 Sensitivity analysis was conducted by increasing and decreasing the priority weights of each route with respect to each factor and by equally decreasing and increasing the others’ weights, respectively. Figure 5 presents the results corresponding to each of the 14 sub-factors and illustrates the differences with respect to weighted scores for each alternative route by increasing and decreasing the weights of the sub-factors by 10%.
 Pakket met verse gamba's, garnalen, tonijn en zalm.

* * *

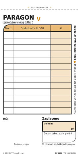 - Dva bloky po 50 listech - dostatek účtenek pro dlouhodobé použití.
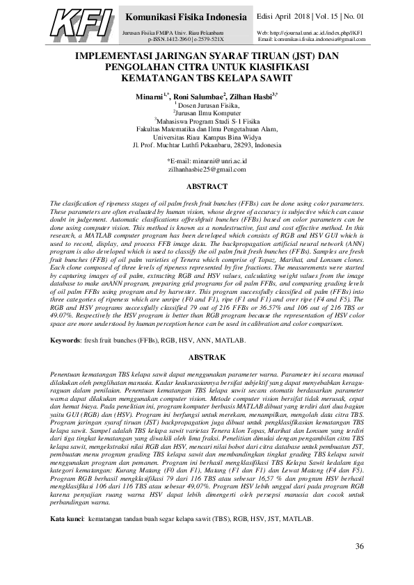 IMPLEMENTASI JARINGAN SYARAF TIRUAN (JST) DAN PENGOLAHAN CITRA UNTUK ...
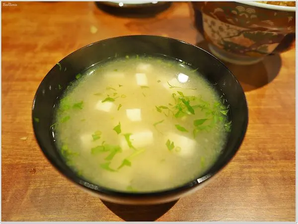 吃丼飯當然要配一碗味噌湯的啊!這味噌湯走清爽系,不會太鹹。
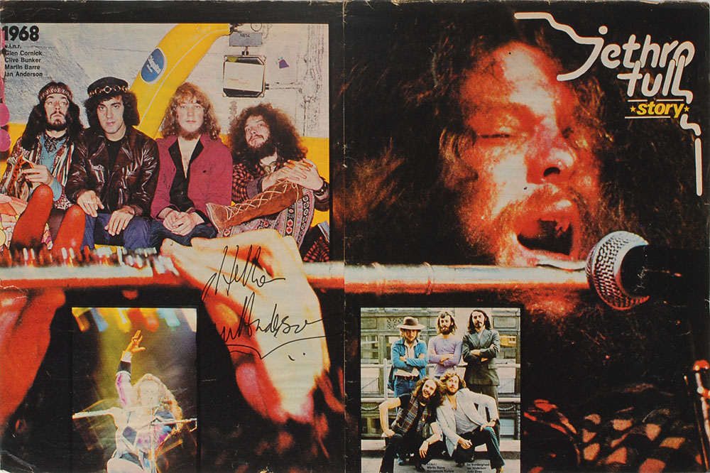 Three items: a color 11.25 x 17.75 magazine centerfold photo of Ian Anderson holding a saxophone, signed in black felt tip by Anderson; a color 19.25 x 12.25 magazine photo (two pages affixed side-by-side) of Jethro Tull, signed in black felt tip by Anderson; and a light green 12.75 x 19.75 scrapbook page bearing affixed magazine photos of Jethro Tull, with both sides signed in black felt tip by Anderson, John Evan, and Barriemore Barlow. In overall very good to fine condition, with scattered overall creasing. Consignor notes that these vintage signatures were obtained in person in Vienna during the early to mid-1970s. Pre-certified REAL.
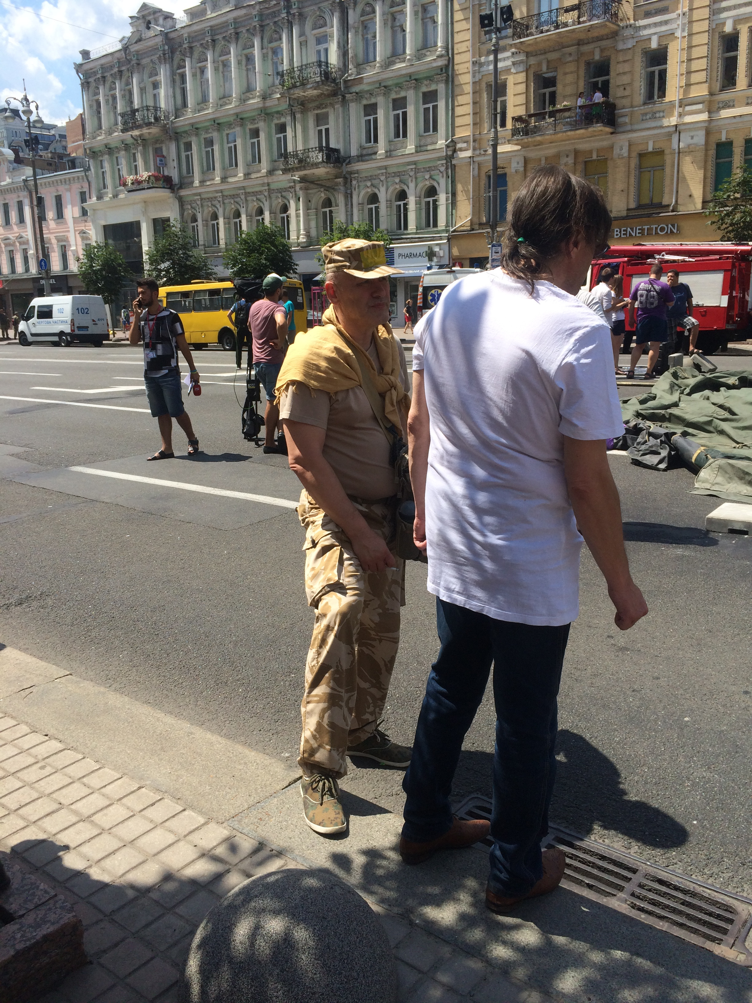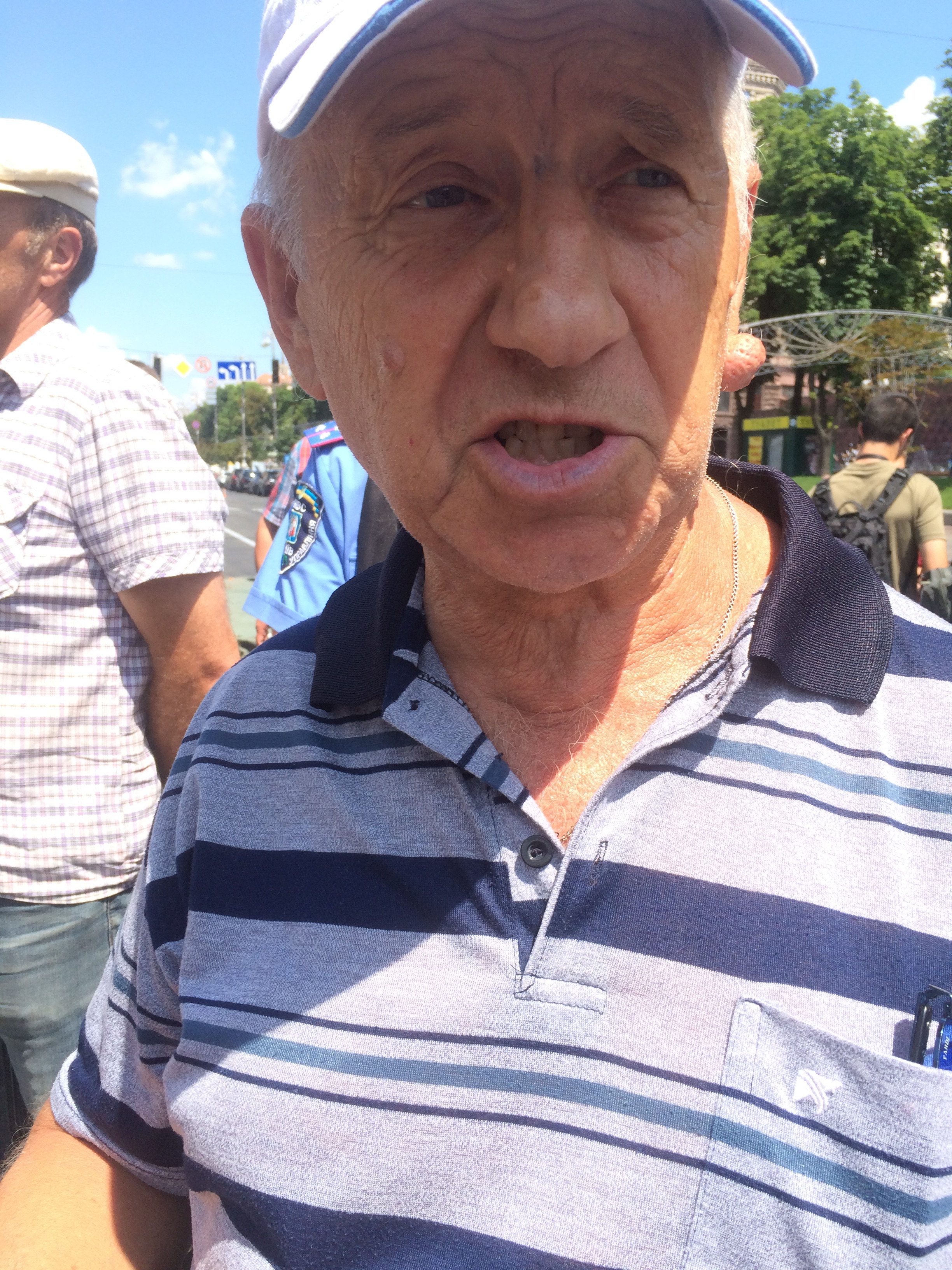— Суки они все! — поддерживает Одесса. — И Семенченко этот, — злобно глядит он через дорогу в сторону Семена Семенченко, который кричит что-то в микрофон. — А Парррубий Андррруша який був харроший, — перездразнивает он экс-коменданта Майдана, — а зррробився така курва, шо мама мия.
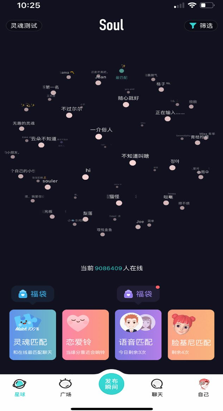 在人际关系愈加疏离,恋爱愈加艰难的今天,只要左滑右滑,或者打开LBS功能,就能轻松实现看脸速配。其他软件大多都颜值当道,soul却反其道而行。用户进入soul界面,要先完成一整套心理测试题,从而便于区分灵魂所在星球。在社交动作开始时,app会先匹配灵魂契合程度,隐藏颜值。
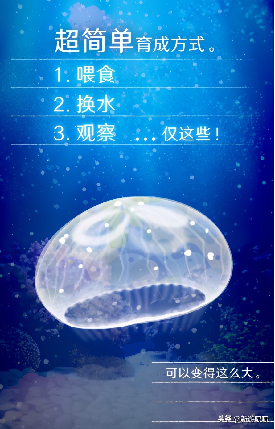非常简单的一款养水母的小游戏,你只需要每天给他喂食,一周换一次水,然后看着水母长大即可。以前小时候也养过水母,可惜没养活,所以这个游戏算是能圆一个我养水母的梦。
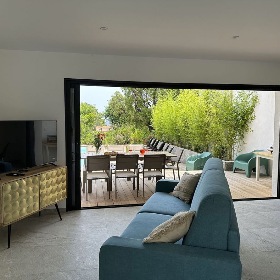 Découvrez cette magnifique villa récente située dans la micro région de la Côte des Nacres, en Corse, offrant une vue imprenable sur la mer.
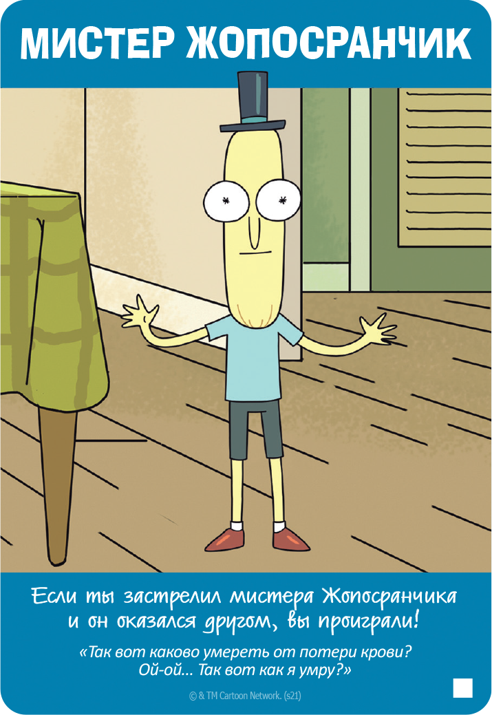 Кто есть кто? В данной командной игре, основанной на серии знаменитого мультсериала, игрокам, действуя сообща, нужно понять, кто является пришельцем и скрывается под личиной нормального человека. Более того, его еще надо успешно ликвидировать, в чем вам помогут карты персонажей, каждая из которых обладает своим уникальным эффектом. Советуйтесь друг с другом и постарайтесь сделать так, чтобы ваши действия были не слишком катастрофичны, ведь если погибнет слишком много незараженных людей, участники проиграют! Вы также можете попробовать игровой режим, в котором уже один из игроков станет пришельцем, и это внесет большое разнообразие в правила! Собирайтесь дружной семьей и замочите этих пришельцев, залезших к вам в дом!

What is being asked -> Copy word for word the lines of the records above from the one with "非常简单的一款养水母的小游戏" up to and including the one with "Découvrez cette magnifique". Skip the pictures.

Exercise result ->
非常简单的一款养水母的小游戏,你只需要每天给他喂食,一周换一次水,然后看着水母长大即可。以前小时候也养过水母,可惜没养活,所以这个游戏算是能圆一个我养水母的梦。
 Découvrez cette magnifique villa récente située dans la micro région de la Côte des Nacres, en Corse, offrant une vue imprenable sur la mer.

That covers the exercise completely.